1 32013030-2d30-3032-3231-32373ce51f62 J.Witten 2020_02_NO_LV 1.0 1.0 3.0 3.0 0.0 1.3 1.608743 -0.308743 00-0022127 Active https://a.espncdn.com/combiner/i?img=/i/headsh...
2 32013030-2d30-3032-3231-32373ce51f62 J.Witten 2020_04_BUF_LV 2.0 2.0 18.0 18.0 1.0 9.8 3.426626 6.373374 00-0022127 Active https://a.espncdn.com/combiner/i?img=/i/headsh...
3 32013030-2d30-3032-3231-32373ce51f62 J.Witten 2020_05_LV_KC 2.0 2.0 -1.0 6.0 0.0 2.6 3.061687 -0.461687 00-0022127 Active https://a.espncdn.com/combiner/i?img=/i/headsh...
4 32013030-2d30-3032-3231-32373ce51f62 J.Witten 2020_07_TB_LV 1.0 1.0 3.0 6.0 0.0 1.6 1.608743 -0.008743 00-0022127 Active https://a.espncdn.com/combiner/i?img=/i/headsh...

Awesome, so we converted the receiver id to the old gsis id like we've done in previous posts, and then merged the roster data and filtered out inactive players. Let's move on to filtering out some unneccesary columns and preparing our data for more analysis.
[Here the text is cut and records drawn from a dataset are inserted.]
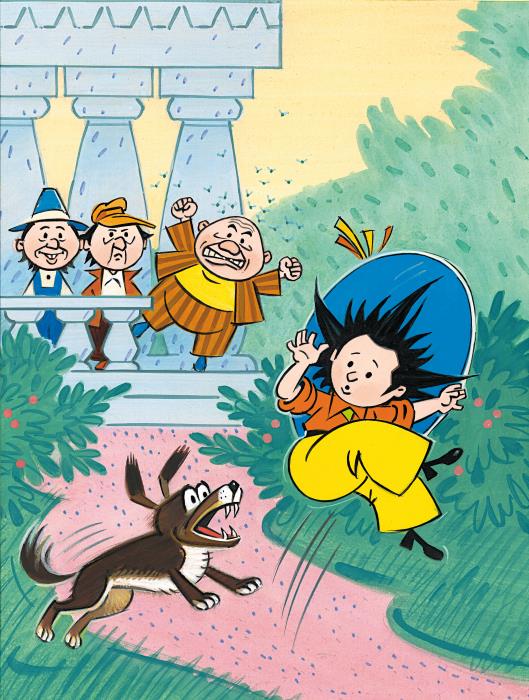 Увидев, что дело начинает принимать совсем нежелательный оборот, Незнайка со всех ног побежал прочь. В это же время Фекс отвязал цепь, и кудлатый пёс ринулся за Незнайкой.
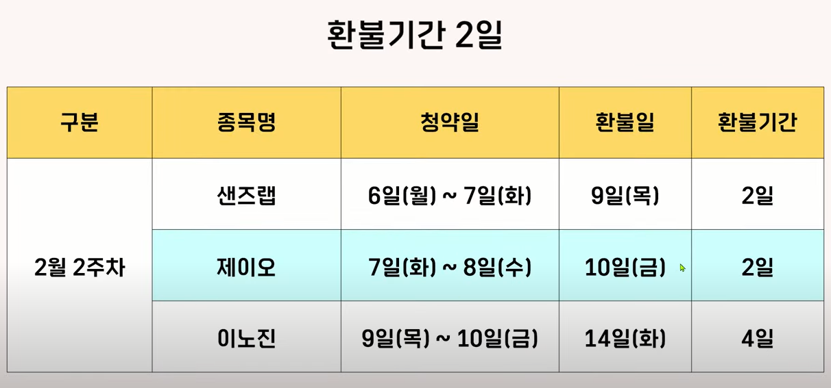 제이오는 다음 주 화요일과 수요일에 청약을 하고요 금요일에 환불됩니다. 환불 기간은 이틀인 청약이고요 같은 주에 청약하는 샌즈랩 이노진과는 청약 일정이 겹쳐 있습니다.
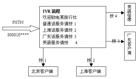 通訊平臺(tái)中設(shè)置語音菜單選項(xiàng),為呼入系統(tǒng)的客戶提供操作引導(dǎo)和自動(dòng)語音咨詢服務(wù)?蛻粲秒娫挀苋胫行暮,通過不斷地在話機(jī)上按鍵與計(jì)算機(jī)進(jìn)行交互應(yīng)答,計(jì)算機(jī)收到按鍵便播放相關(guān)語音。用此技術(shù)可為客戶提供7×24小時(shí)不間斷的多功能自動(dòng)語音服務(wù)。
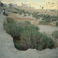 Beidha: The excavated Stone Age village of Beidha, one kilometer south west of Siq al-Barid, Beidha,the white one' in Arabic, dates from the period at the end of the Stone Age known as the Neolithic era, when people in the Near East making the slow, gradual transition from small groups of nomadic hunter-gatherers to settled villagers who domesticated animals and cultivated plants. It was excavated by Mrs. Diana Kirkbride. (Khouri, R. "Petra: a guide to the capital of the Nabataeans" 1986)

gsis_id receiver_player_name headshot_url rec_fpts rec_fpts_pred residual
0 00-0022127 J.Witten https://a.espncdn.com/combiner/i?img=/i/headsh... 1.2 1.589535 -0.389535
1 00-0022127 J.Witten https://a.espncdn.com/combiner/i?img=/i/headsh... 1.3 1.608743 -0.308743
2 00-0022127 J.Witten https://a.espncdn.com/combiner/i?img=/i/headsh... 9.8 3.426626 6.373374
3 00-0022127 J.Witten https://a.espncdn.com/combiner/i?img=/i/headsh... 2.6 3.061687 -0.461687
4 00-0022127 J.Witten https://a.espncdn.com/combiner/i?img=/i/headsh... 1.6 1.608743 -0.008743

Let's group by receiver and find the players who our model favored the most.
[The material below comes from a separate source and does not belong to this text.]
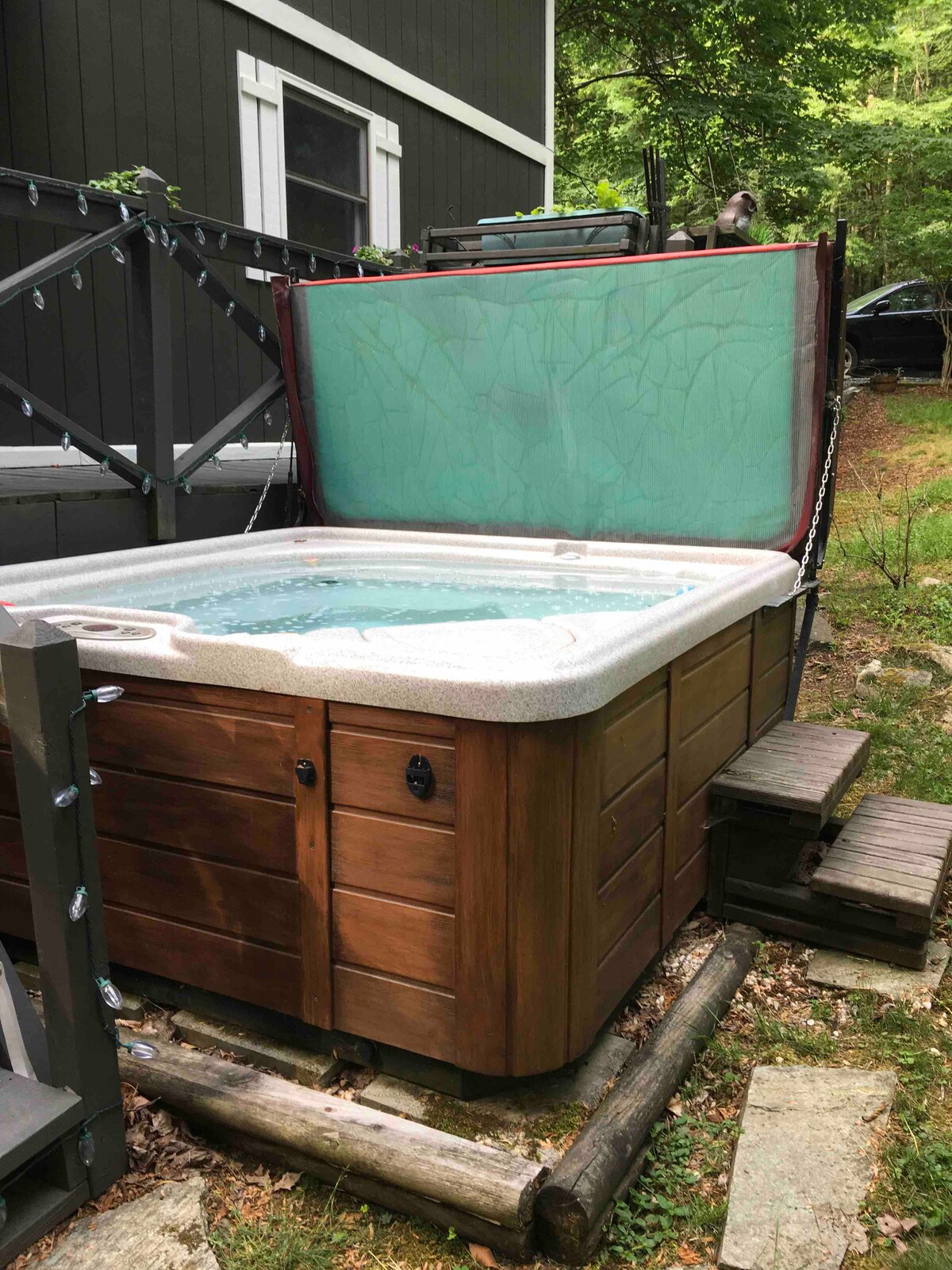 Encontre-se totalmente imerso em ambiente serino da natureza com um lago de natação alimentado por duas nascentes de água doce. Delicie-se com uma sauna a lenha ou com a NOVA fonte alimentada, sem produtos químicos, banheira de hidromassagem a lenha aninhada em privado na floresta. (Para manter as tarifas super baixas, as taxas de utilização de lenha e comodidades para banheira de hidromassagem, sauna ou EV não estão incluídas na sua tarifa por noite, por favor pergunte) Para perguntas, por favor pergunte. Há centenas de quilómetros de trilhos para caminhadas! O circuito de Hebron Falls fica a uma curta caminhada do início do trilho!

gsis_id receiver_player_name headshot_url rec_fpts rec_fpts_pred residual
72 00-0031381 D.Adams https://a.espncdn.com/combiner/i?img=/i/headsh... 27.014286 19.745273 7.269013
83 00-0031588 S.Diggs https://a.espncdn.com/combiner/i?img=/i/headsh... 18.760000 17.436972 1.323028
44 00-0030279 K.Allen https://a.espncdn.com/combiner/i?img=/i/headsh... 18.222222 17.433888 0.788334
55 00-0030564 D.Hopkins https://a.espncdn.com/combiner/i?img=/i/headsh... 18.820000 16.508142 2.311858
325 00-0035659 T.McLaurin https://a.espncdn.com/combiner/i?img=/i/headsh... 17.077778 16.440406 0.637372

Adams, Diggs, Allen, Hopkins, and McLaurin are our models top expected receivers for this year. We can see that Adams has a large average residual, probably as a result of his TD production.

We can also see that our model is really conservative. Let's get rid of the predicted values and just use a rank instead.
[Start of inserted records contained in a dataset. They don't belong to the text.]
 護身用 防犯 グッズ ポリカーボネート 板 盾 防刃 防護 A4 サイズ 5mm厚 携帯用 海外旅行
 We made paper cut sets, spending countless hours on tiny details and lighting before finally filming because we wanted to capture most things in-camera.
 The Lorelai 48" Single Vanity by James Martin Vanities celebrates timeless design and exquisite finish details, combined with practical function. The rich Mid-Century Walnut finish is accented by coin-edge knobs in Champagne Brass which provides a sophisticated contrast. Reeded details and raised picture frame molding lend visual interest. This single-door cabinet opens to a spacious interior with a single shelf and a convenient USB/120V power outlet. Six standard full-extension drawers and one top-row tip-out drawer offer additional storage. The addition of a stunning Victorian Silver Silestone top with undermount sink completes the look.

receiver_player_name headshot_url rec_fpts rec_fpts_pred residual
72 D.Adams https://a.espncdn.com/combiner/i?img=/i/headsh... 1.0 1.0 7.269013
83 S.Diggs https://a.espncdn.com/combiner/i?img=/i/headsh... 7.0 2.0 1.323028
44 K.Allen https://a.espncdn.com/combiner/i?img=/i/headsh... 8.0 3.0 0.788334
55 D.Hopkins https://a.espncdn.com/combiner/i?img=/i/headsh... 5.5 4.0 2.311858
325 T.McLaurin https://a.espncdn.com/combiner/i?img=/i/headsh... 15.0 5.0 0.637372

So now we have expected rank and also actual rank. Finally, let's find the biggest differences between expected rank and actual rank

receiver_player_name headshot_url rec_fpts rec_fpts_pred diff
85 D.Waller https://a.espncdn.com/combiner/i?img=/i/headsh... 37.0 19.0 18.0
191 C.Kupp https://a.espncdn.com/combiner/i?img=/i/headsh... 33.0 15.0 18.0
265 D.Chark Jr. https://a.espncdn.com/combiner/i?img=/i/headsh... 28.0 12.0 16.0
79 A.Cooper https://a.espncdn.com/combiner/i?img=/i/headsh... 23.0 8.0 15.0
294 D.Johnson https://a.espncdn.com/combiner/i?img=/i/headsh... 38.0 23.0 15.0

Darren Waller is our biggest underperformer for the 2020 season so far. He should be ranked 19 amongst all WRs and TEs, but he's only ranked 37.

Let's style our DataFrame and call it a day.